Based on the results of the analysis, we can draw the following conclusions:

#### Completion Rate Comparison:

Test Group Completion Rate: 69.77%
Control Group Completion Rate: 65.90%

The test group has a higher completion rate compared to the control group. This indicates that the new design (or intervention) in the test group appears to be more effective at driving user completion compared to the existing design in the control group.

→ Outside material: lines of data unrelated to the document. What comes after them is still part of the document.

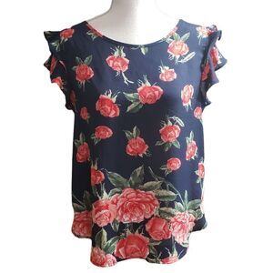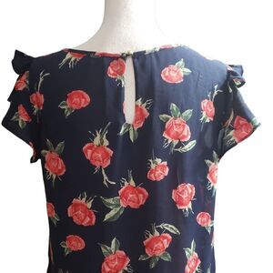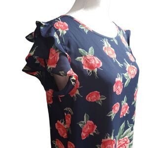 OLM Navy Res Roses Print Sheer Double Layer Ruffle Sleeves Sz M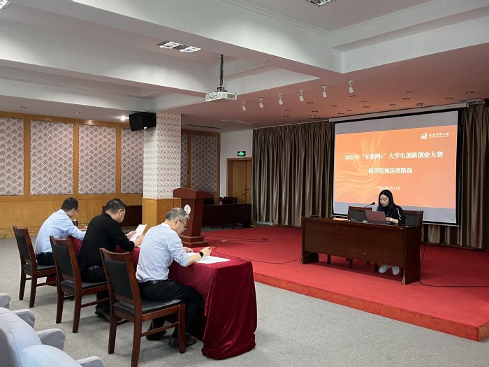 2023/04/14商学院举办2023年“互联网+”大学生创新创业大赛学院预选赛为深入宣传贯彻党的二十大精神,着力提升创新创业人才培养质量,2023年4月13日,商学院在定淮门东校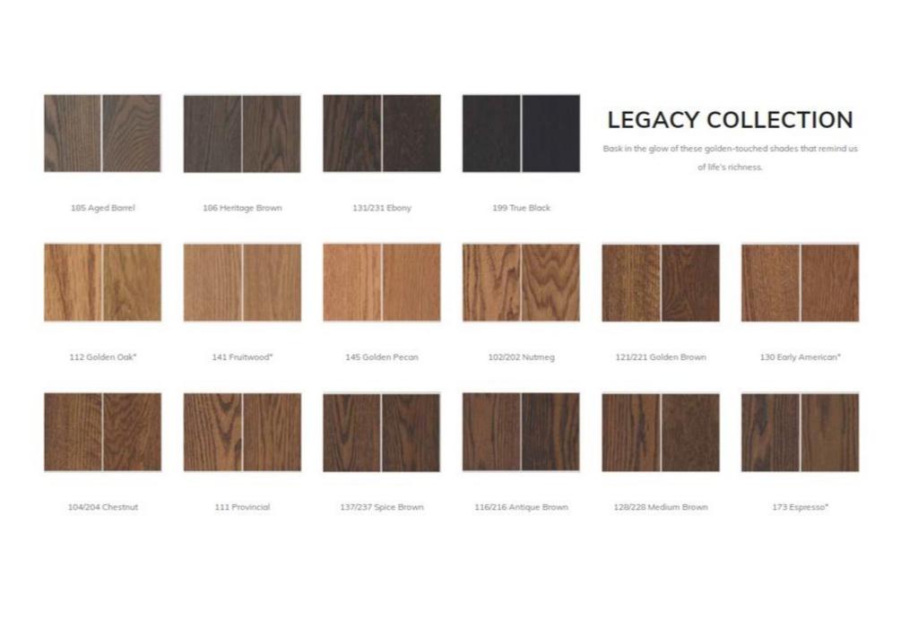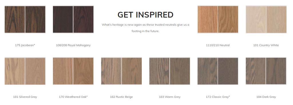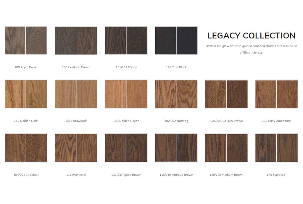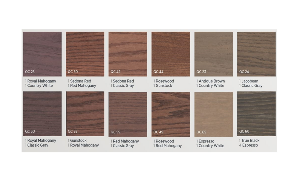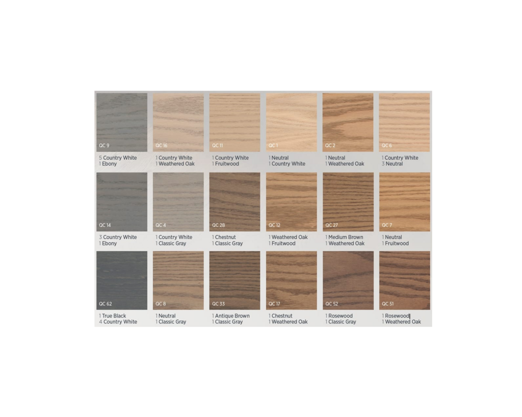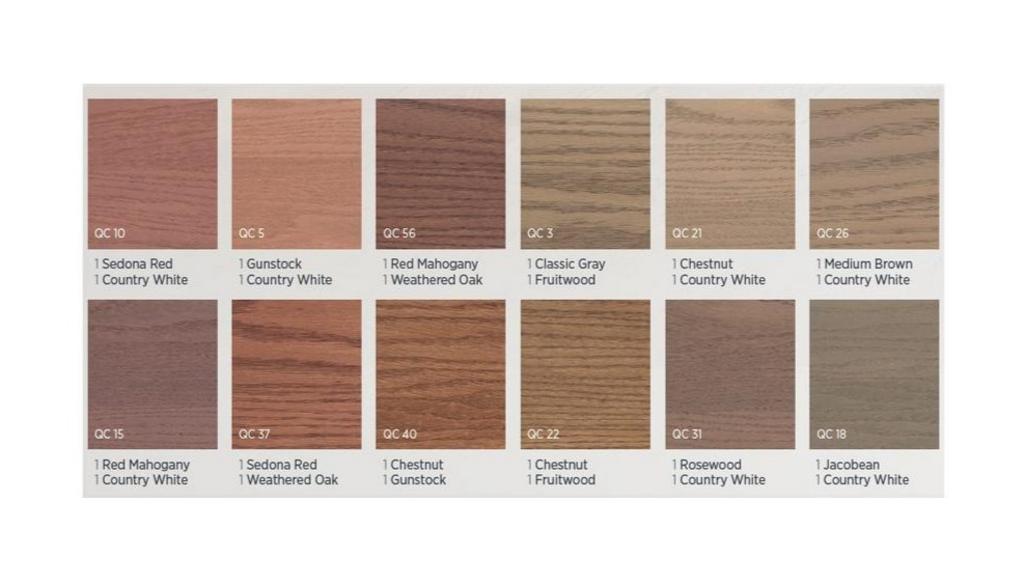 COLORS SHOWN ON BOTH RED OAK (LEFT) AND WHITE OAK (RIGHT)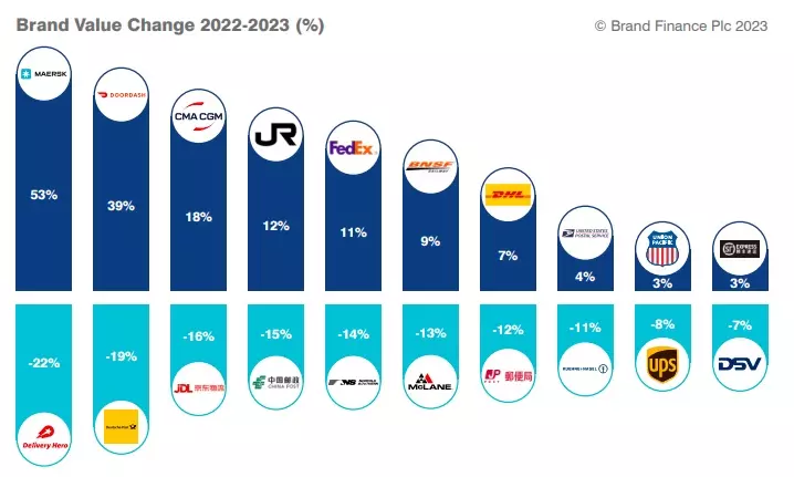 Globally integrated logistics brand Maersk achieved a 53 percent year-on-year brand value growth, taking it to $7.4 billion, according to the latest ranking by Brand Finance.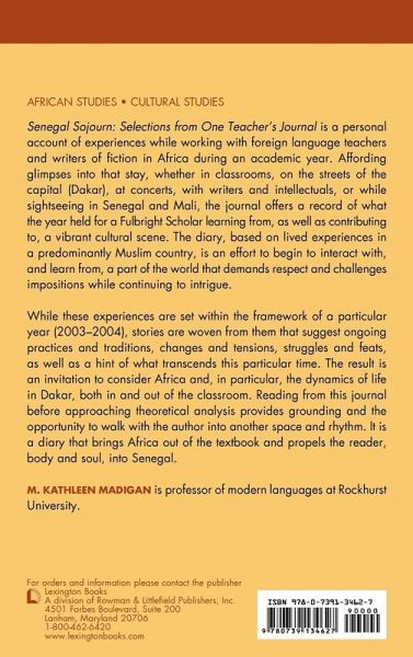 Senegal Sojourn: Selections from One Teacher's Journal is a personal account of everyday interaction while collaborating for a year with foreign language teachers and writers of fiction in Dakar. A unique and passionate contribution to interdisciplinary conversations, the journal is the record of one teacher's encounters with African education, politics, languages, etc. Traditions and tensions, practices and yearnings, struggles and feats are described, along with literature, religion, film, music, and art which transcend timeframes.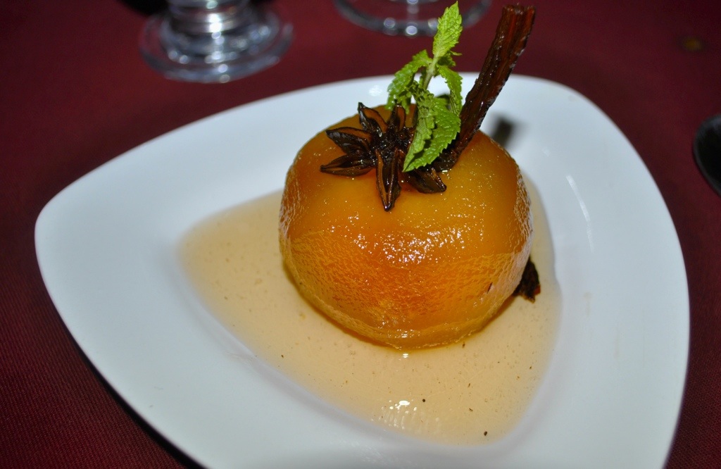 Then for dessert, a baked apple soaked with anise, cardamom, and mint…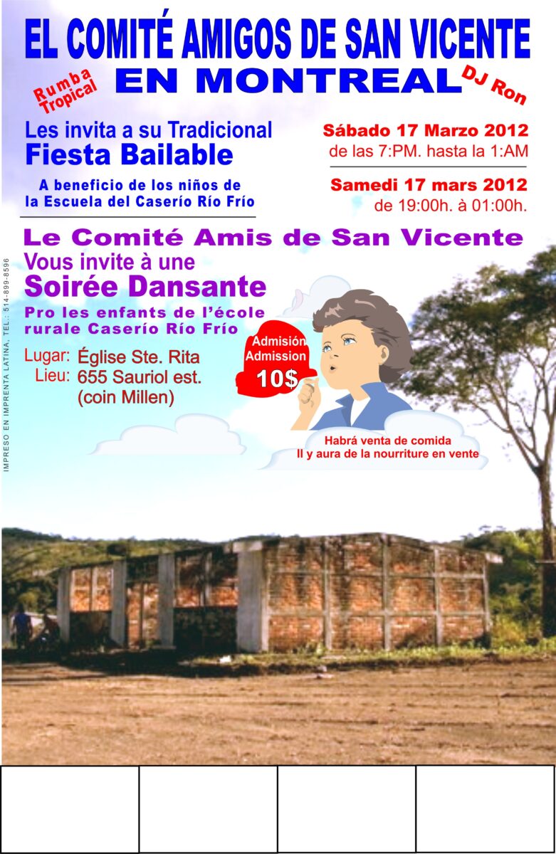 Le comité des amis de Saint Vicente nous invite samedi soir à une soirée dansante au profit des enfants de l’école St Vicente au Salvador. L’argent ainsi récolté reviendrait directement aux enfants de l’école par l’achat de matériels scolaires, de maintenance (comme le transport), et qui permettraient d’améliorer leurs quotidiens. Cette école avant d’être aidée par l’association des amis de Saint Vicente comptait 38 enfants (en décembre 2009), elle en compte aujourd’hui (soit presque 3 ans plus tard) 62 enfants.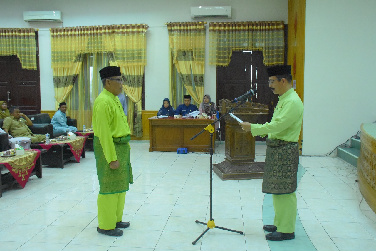 Berita Sore/ist Pj Bupati Aceh Tamiang Meurah Budiman saat mengukuhkan Muhammad Djuned Thahir sebagai Ketua MAA Kabupaten Aceh Tamiang periode 2023-2027, di aula Setdakab setempat, Senin (11/9).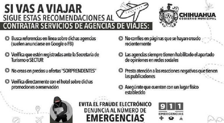 Por lo anterior, en el marco de la temporada vacacional y con el objetivo de evitar que quienes compran viajes, o paquetes vacacionales a través de Web, sean víctimas de defraudadores que se anuncian en páginas falsas, se emiten recomendaciones que serán útiles al momento de contratar este tipo de servicios en línea, toda vez que detectó 47 agencias fraudulentas.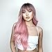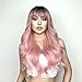 ♥ Pink Wig Material: Made of high-quality heat resistant synthetic unscented fibers with less shine, which is very soft silky, and not easy to shed, suitable for daily wearing. This wavy wig is a smooth exquisite design, allowing you to easily trim or weave various hairstyles and can be brushed without being tangled
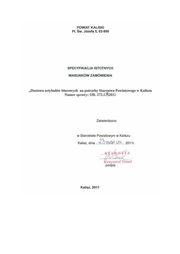 Nr sprawy OR. 272.1. 14.2011 SPECYFIKACJA ISTOTNYCH WARUNKÓW ZAMÓWIENIA w postępowaniu pn.: ,,Dostawa artykułów biurowych na potrzeby Starostwa Powiatowego w Kaliszu” Wartość zamówienia nie przekracza kwoty 193 000 euro I NAZWA, ADRES I INNE DANE ZAMAWIAJĄCEGO: Powiat Kaliski z siedzibą w Kaliszu, Pl. Św. Józefa 5, tel. 062-501-42-00, fax 062-757-26-22, htpp://www.powiat.kalisz.pl, e-mail: [email protected]. II TRYB UDZIELENIA ZAMÓWIENIA: Przetarg nieograniczony na podstawie art. 39 ustawy z dnia 29 stycznia 2004 r. Prawo zamówień publicznych (t.j.Dz. U. z 2010 r. Nr 113 poz. 759). III INFORMACJE OGÓLNE: 1. UŜyte w SIWZ terminy oznaczają: 1) „Zamawiający” Powiat Kaliski’ 2) Wykonawca” – podmiot, który ubiega się o udzielenie zamówienia, złoŜy ofertę na wykonanie zamówienia lub zawarł z Zamawiającym umowę w sprawie wykonania zamówienia 2. Wykonawca powinien zapoznać się z całością SIWZ. IV OPIS PRZEDMIOTU ZAMÓWIENIA: 1. Przedmiotem zamówienia jest sukcesywna dostawa róŜnych artykułów i drobnego sprzętu biurowego na potrzeby Starostwa Powiatowego w Kaliszu wyspecyfikowanego w szczegółowym opisie przedmiotu zamówienia, zawartym w załączniku nr 1 do siwz- Formularz cenowy, zgodnie z warunkami SIWZ oraz postanowieniami projektu umowy. W ramach niniejszego zamówienia Wykonawca sprzeda i dostarczy Zamawiającemu przedmiot zamówienia. Dostawa przedmiotu zamówienia będzie realizowana sukcesywnie do końca 2011r. Sprzedawca dostarczać będzie Zamawiającemu przedmiot zamówienia na kaŜdorazowe, ustne lub pisemne, zlecenie Zamawiającego i w ilości przez niego wskazanej. Zamawiający podkreśla, Ŝe podane w siwz ilości poszczególnych towarów są ilościami szacunkowymi i mogą ulec zmianie w trakcie trwania umowy.. Zamawiający zastrzega sobie w tym zakresie prawo do ograniczenia zakresu przedmiotu umowy do 70% wartości umowy brutto. Niewykorzystanie przez Zamawiającego 30% wartości umowy brutto nie moŜe stanowić podstawy do roszczeń odszkodowawczych ze strony Wykonawcy z tytułu niezrealizowania zamówienia. Zmienione ilości będą wynikać z bieŜącego zapotrzebowania Zamawiającego na dany artykuł. PowyŜsze zmiany nie mogą spowodować zmian cen jednostkowych Zmiany w tym zakresie nie stanowić będą zmiany umowy. 2. Wyspecyfikowany przedmiot zamówienia musi być fabrycznie nowy, kompletny i przydatny do wykorzystania bez Ŝadnych dodatkowych inwestycji i zakupów. 3.Zamawiający informuje jednocześnie, Ŝe wskazane w opisie przedmiotu zamówienia: typy i symbole, oznaczenia oraz ewentualne nazwy producentów zostały określone w celu sprecyzowania parametrów i warunków techniczno-uŜytkowych przedmiotu zamówienia i dopuszcza oferowanie artykułów równowaŜnych, pod warunkiem, Ŝe zagwarantują one uzyskanie warunków eksploatacyjnych nie gorszych od załoŜonych przez Zamawiającego. W przypadku zastosowania innych niŜ podane rozwiązań, udowodnienie równowaŜności proponowanych rozwiązań spoczywa na Wykonawcy. 4. Wykonawca dostarczy przedmiot zamówienia na własny koszt pod wskazany przez Zamawiającego adres jako miejsce dostawy. Szczegółowy opis przedmiotu zamówienia zawiera Załącznik nr 1 do SIWZ Kod i nazwa zamówienia – według Wspólnego Słownika Zamówień: 30190000-7 – róŜny sprzęt i artykuły biurowe V INFORMACJA O PRZEWIDYWANYCH ZAMÓWIENIACH UZUPEŁNIAJĄCYCH: Zamawiający nie przewiduje moŜliwości udzielenia zamówień uzupełniających, o których mowa w art. 67 ust.1 pkt. 7 ustawy Prawo zamówień publicznych. VI OPIS SPOSOBU PRZEDSTAWIANIA OFERT WARIANTOWYCH ORAZ MINIMALNE WARUNKI JAKIM MUSZA ODPOWIADAĆ OFERTY WARIANTOWE: Zamawiający nie dopuszcza składania ofert wariantowych. VII OPIS CZĘŚCI ZAMÓWIENIA JEśELI ZAMAWIAJĄCY DOPUSZCZA SKŁADANIE OFERT CZĘŚCIOWYCH: Zamawiający nie dopuszcza składania ofert częściowych. VIII TERMIN WYKONANIA ZAMÓWIENIA: Zakończenie: 31.12.2011 r. IX OPIS WARUNKÓW UDZIAŁU W POSTĘPOWANIU ORAZ OPIS SPOSOBU DOKONYWANIA OCENY SPEŁNIANIA TYCH WARUNKÓW: 1. W postępowaniu mogą wziąć udział wykonawcy, którzy spełniają warunki udziału w postępowaniu, o których mowa w art.22 ust.1 ustawy Pzp dotyczące: 1) posiadania uprawnień do wykonywania określonej działalności lub czynności, jeŜeli ustawy nakładają obowiązek posiadania takich uprawnień. 2) posiadania wiedzy i doświadczenia niezbędnego do realizacji przedmiotu zamówienia 3) dysponowania odpowiednim potencjałem technicznym oraz osobami zdolnymi do wykonania zamówienia. 4) sytuacji ekonomicznej i finansowej zapewniającej realizacji zamówienia 2. W postępowaniu mogą wziąć udział wykonawcy, którzy spełniają warunek nie podlegania wykluczeniu z udziału w postępowaniu na podstawie art. 24 ust 1 ustawy Pzp. w przypadku składania oferty przez wykonawców występujących wspólnie ww. warunek musi spełnić kaŜdy z wykonawców samodzielnie. Z uwagi na charakter przedmiotu zamówienia zamawiający nie opisuje sposobu dokonywania oceny spełnienia poszczególnych warunków udziału w postępowaniu, o których mowa w art. 22 ust.1 ustawy. Ocena spełnienia warunków udziału w postępowaniu określonych w ust. IX będzie dokonana wyłącznie w oparciu o kompletność i prawidłowość złoŜonych wraz z ofertą oświadczeń i dokumentów, jakich Ŝąda Zamawiający i zostanie dokonana na podstawie treści tych dokumentów według formuły „spełnia/nie spełnia”. W przypadku składania oferty przez wykonawców występujących wspólnie warunki o których mowa w ust. IX pkt 1 ppkt 1-4 musi spełnić co najmniej jeden z wykonawców albo wszyscy Ci wykonawcy wspólnie. W przypadku składania oferty przez wykonawców występujących wspólnie warunek określony w ust. IX pkt 2 musi spełnić kaŜdy z wykonawców samodzielnie. KaŜdy Wykonawca indywidualnie, z pośród Wykonawców wspólnie ubiegających się zamówienia, musi wykazać brak podstaw do

#### Statistical Significance:

Z-score: 9.82
P-value: 0.0000

The Z-score of 9.82 is significantly high, indicating a large difference between the two groups in terms of completion rate.

The P-value is 0.0000, which is much smaller than the typical significance level of 0.05. This means that the observed difference in completion rates between the test and control groups is statistically significant.


#### Conclusion on the Hypothesis:

The null hypothesis (i.e., there is no difference between the groups) is rejected.
The alternative hypothesis (i.e., the test group has a higher completion rate than the control group) is accepted.


#### Practical Implication:

Since the difference in completion rates is statistically significant, the new design (represented by the test group) is more effective in driving user completions than the old design (control group).

The size of the Z-score (9.82) further emphasizes that the difference is not likely due to random chance. The result is strong and robust.


#### Confidence Interval for the Difference:

Based on the analysis, the 95% confidence interval for the difference in completion rates shows a range that does not include 0, further supporting the conclusion that there is a real and significant difference between the test and control groups.


#### Next Steps / Recommendations:

Given the statistical significance and the positive impact on completion rates, the test group design should be considered for implementation or further optimization.
Cost/Benefit Analysis: While the results are statistically significant, the next step should involve an evaluation of the costs of implementing the new design. If the increase in completion rate (from 65.90% to 69.77%) translates to a substantial increase in revenue or user satisfaction, the new design may be justifiable from a cost-effectiveness perspective.
Scale and Monitor: Before a full-scale rollout, it would be wise to monitor the test group in different environments or across additional demographics to ensure consistent results.


#### Final Takeaway:

The A/B test results show that the test design has a statistically significant and positive impact on the completion rate. Given the strong statistical evidence, it is advisable to move forward with the new design, assuming that the increased completion rate brings tangible benefits and justifies any potential increase in costs associated with the change.